Every line of the material needs an exact copy, apart from the images.

Data segment:
++++++++++++++++++++

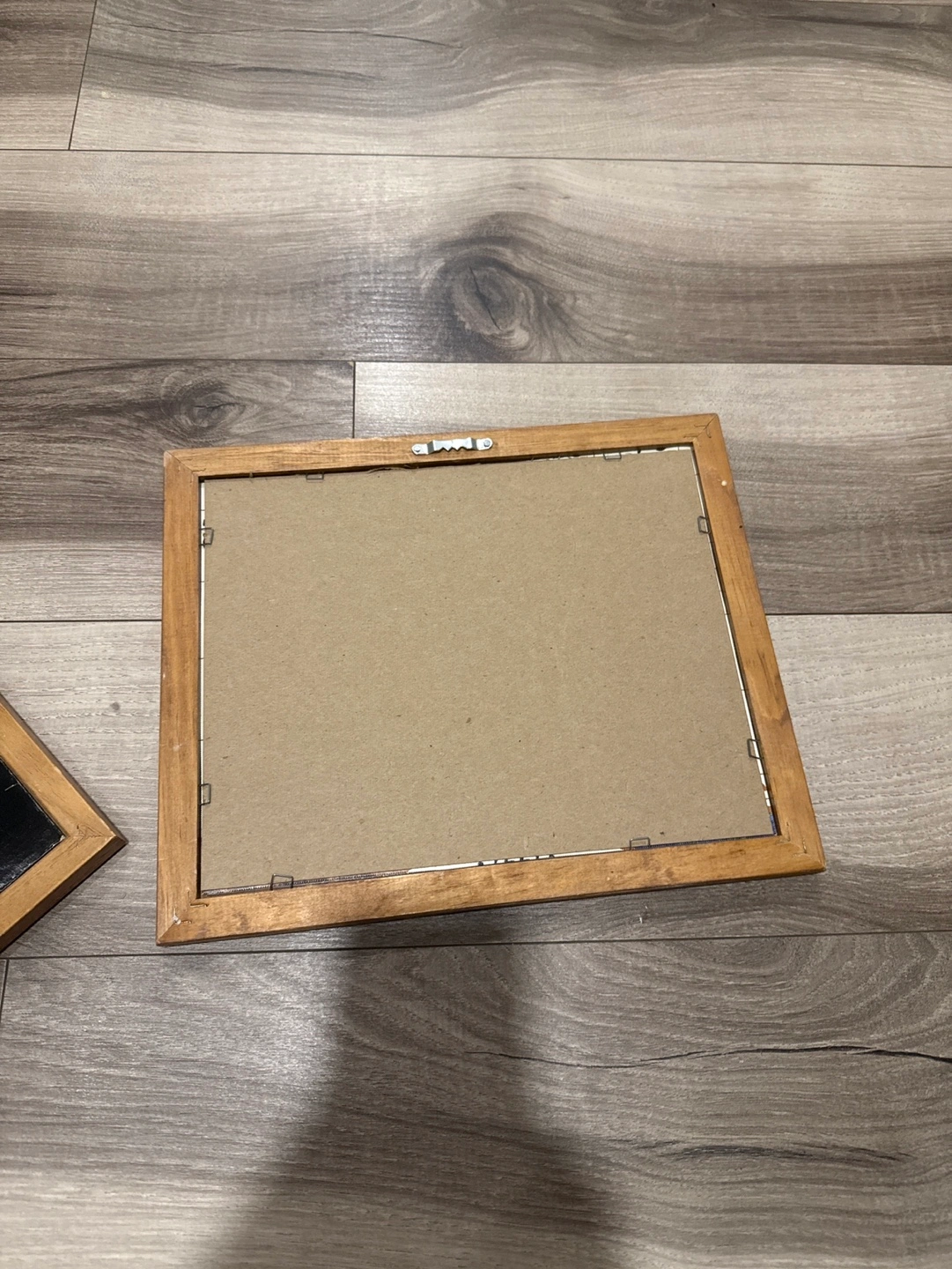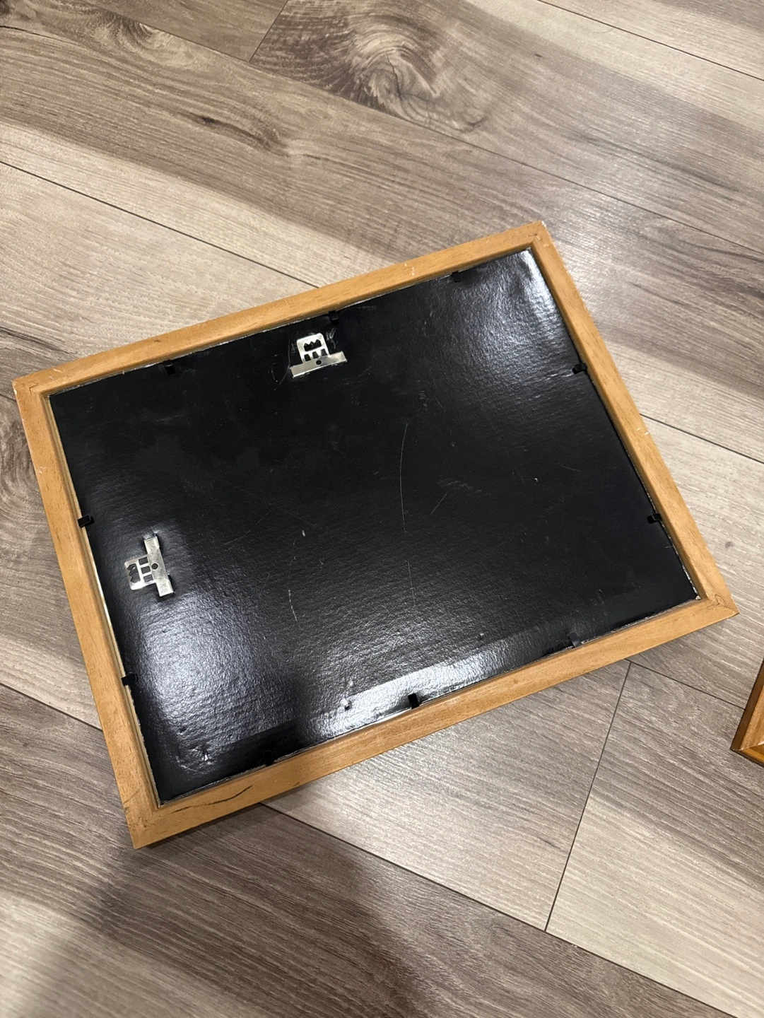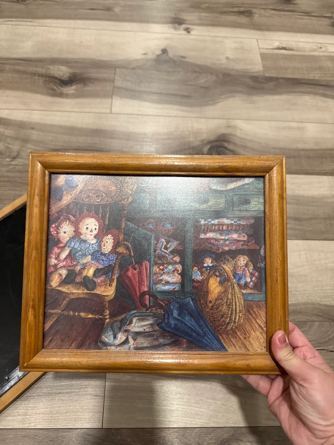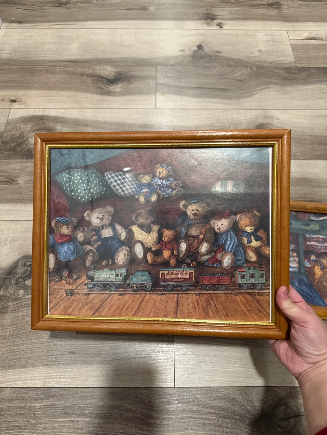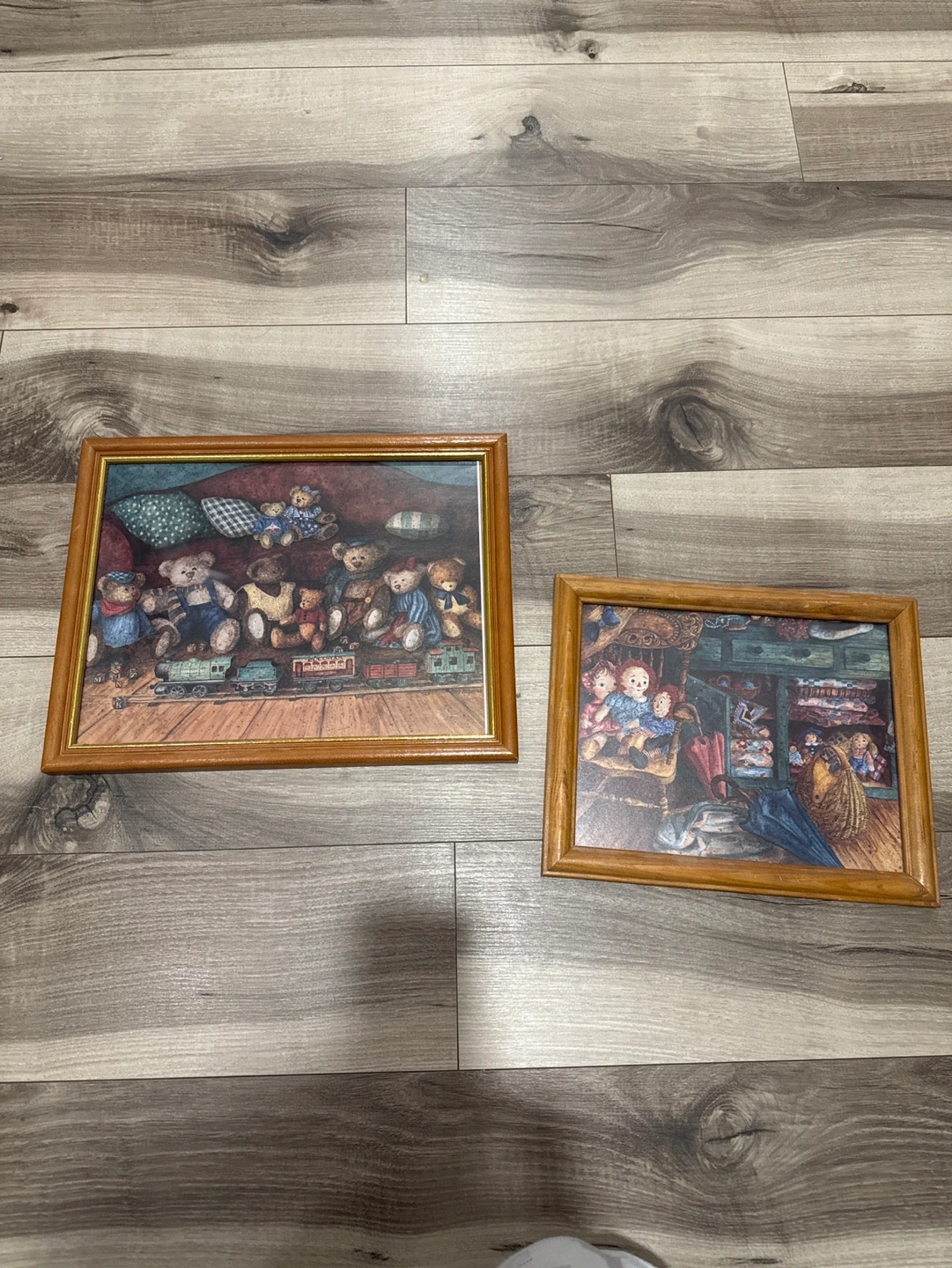 Two framed pictures. One features teddy bears with a toy train. The other shows rag dolls in a room. Wooden frames. Cute vintage style. Cute for a Nursery room or Kids’ playroom.
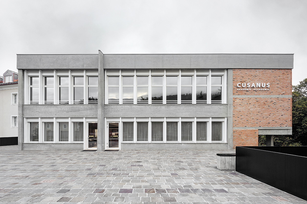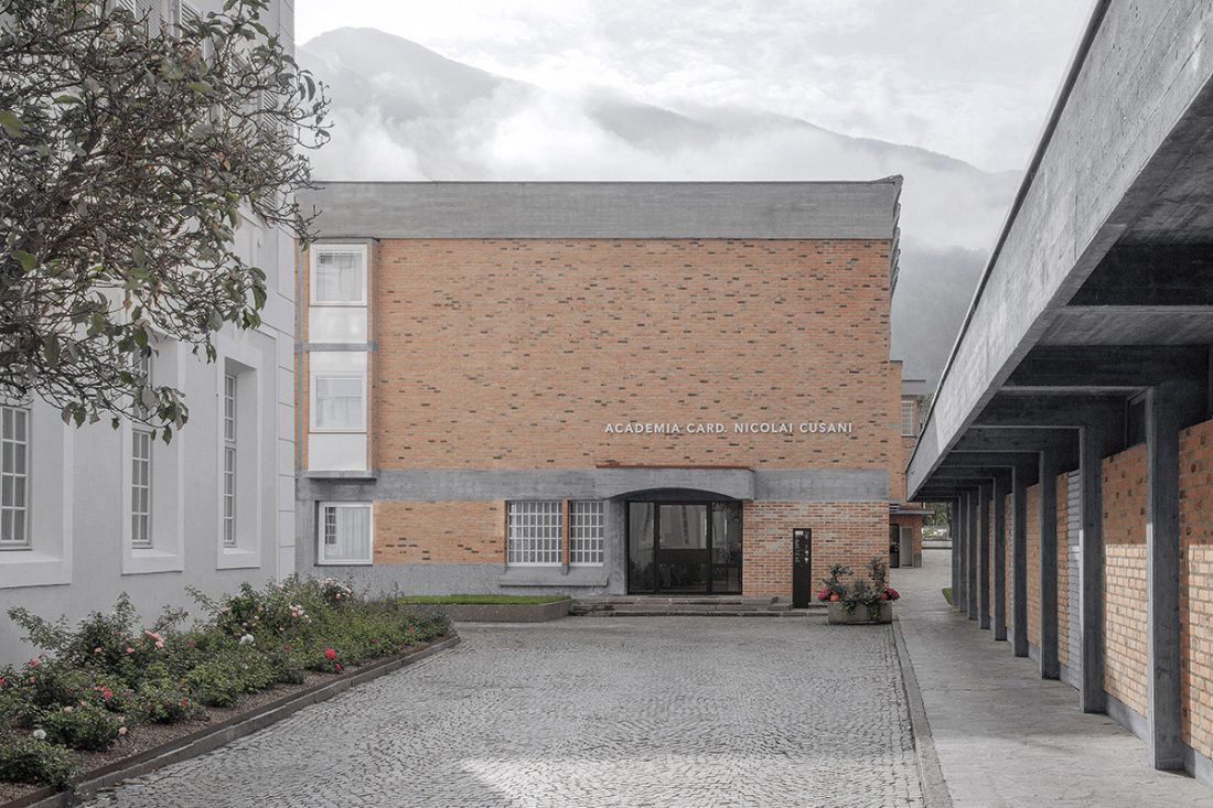 Academia Cusanus poartă numele lui Nikolaus Cusanus, cardinal și filozof dedicat umanismului renascentist, care în secolul al XV-lea și-a intersectat drumurile și ideile cu Leon Batista Alberti. Afinitatea între principiile lui Cusanus și Alberti despre concinnitas (armonie sau congruență între părți diferite ale unei clădiri) constituite un fundal teoretic substanțial peste care se suprapune materia construită după planurile lui Othmar Barth și, recent, intervenția celor de la MoDus Architects. Articularea spațiilor și limbajelor arhitecturale diferite elaborează o relație plină de semnificații între părți și întreg, trecând de la mimesis și interpretare, la contrast și complementaritate. Narațiunea întregului complex glisează astfel între exprimări vechi și noi, oferind o însemnată lecție de multa paucis — a spune multe cu puține cuvinte.
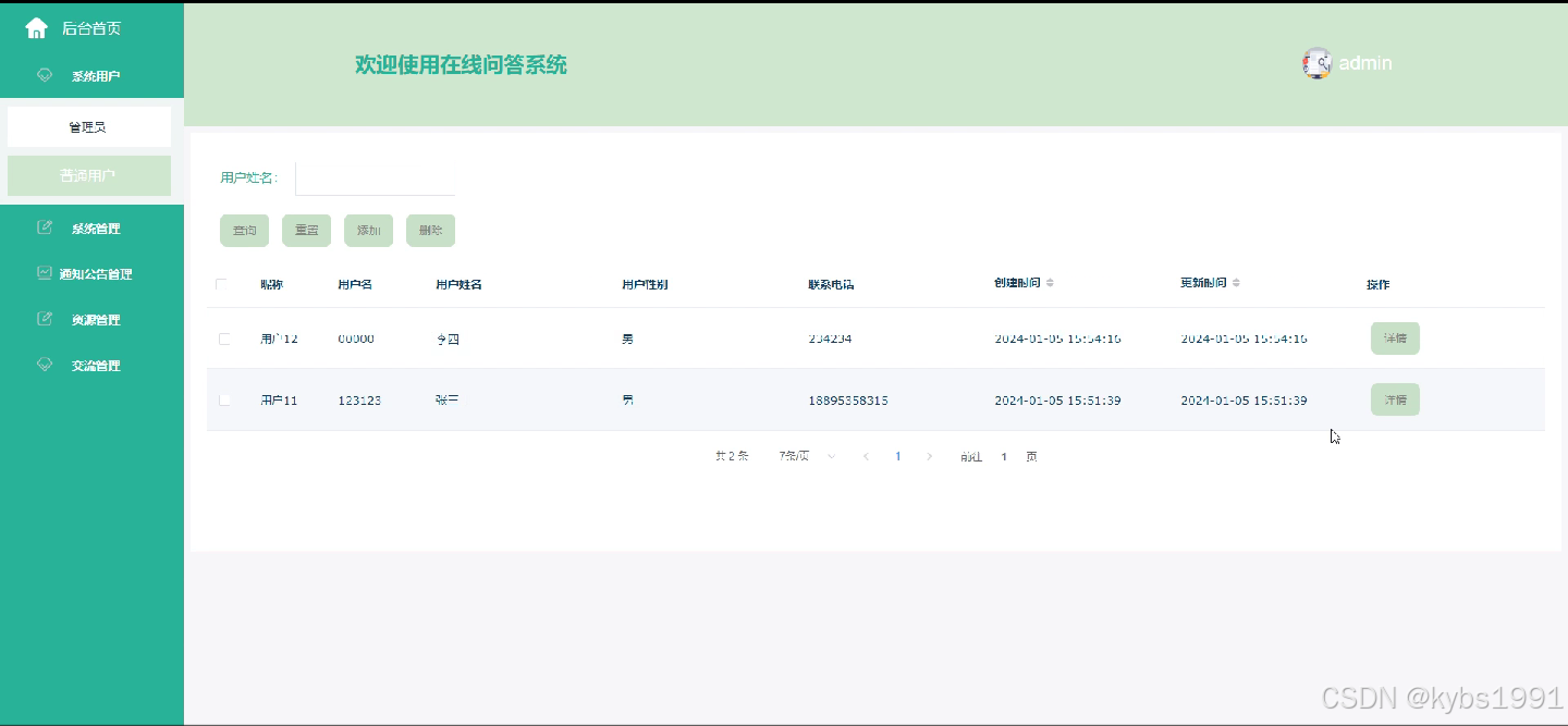 (3)系统用户管理:当点击“系统用户管理”这一菜单的时候,会出现管理员+普通用户两个子菜单,可以对这两个模块进行增删改查操作;

++++++++++++++++++++

Result of the exercise:
 Two framed pictures. One features teddy bears with a toy train. The other shows rag dolls in a room. Wooden frames. Cute vintage style. Cute for a Nursery room or Kids’ playroom.
 Academia Cusanus poartă numele lui Nikolaus Cusanus, cardinal și filozof dedicat umanismului renascentist, care în secolul al XV-lea și-a intersectat drumurile și ideile cu Leon Batista Alberti. Afinitatea între principiile lui Cusanus și Alberti despre concinnitas (armonie sau congruență între părți diferite ale unei clădiri) constituite un fundal teoretic substanțial peste care se suprapune materia construită după planurile lui Othmar Barth și, recent, intervenția celor de la MoDus Architects. Articularea spațiilor și limbajelor arhitecturale diferite elaborează o relație plină de semnificații între părți și întreg, trecând de la mimesis și interpretare, la contrast și complementaritate. Narațiunea întregului complex glisează astfel între exprimări vechi și noi, oferind o însemnată lecție de multa paucis — a spune multe cu puține cuvinte.
 (3)系统用户管理:当点击“系统用户管理”这一菜单的时候,会出现管理员+普通用户两个子菜单,可以对这两个模块进行增删改查操作;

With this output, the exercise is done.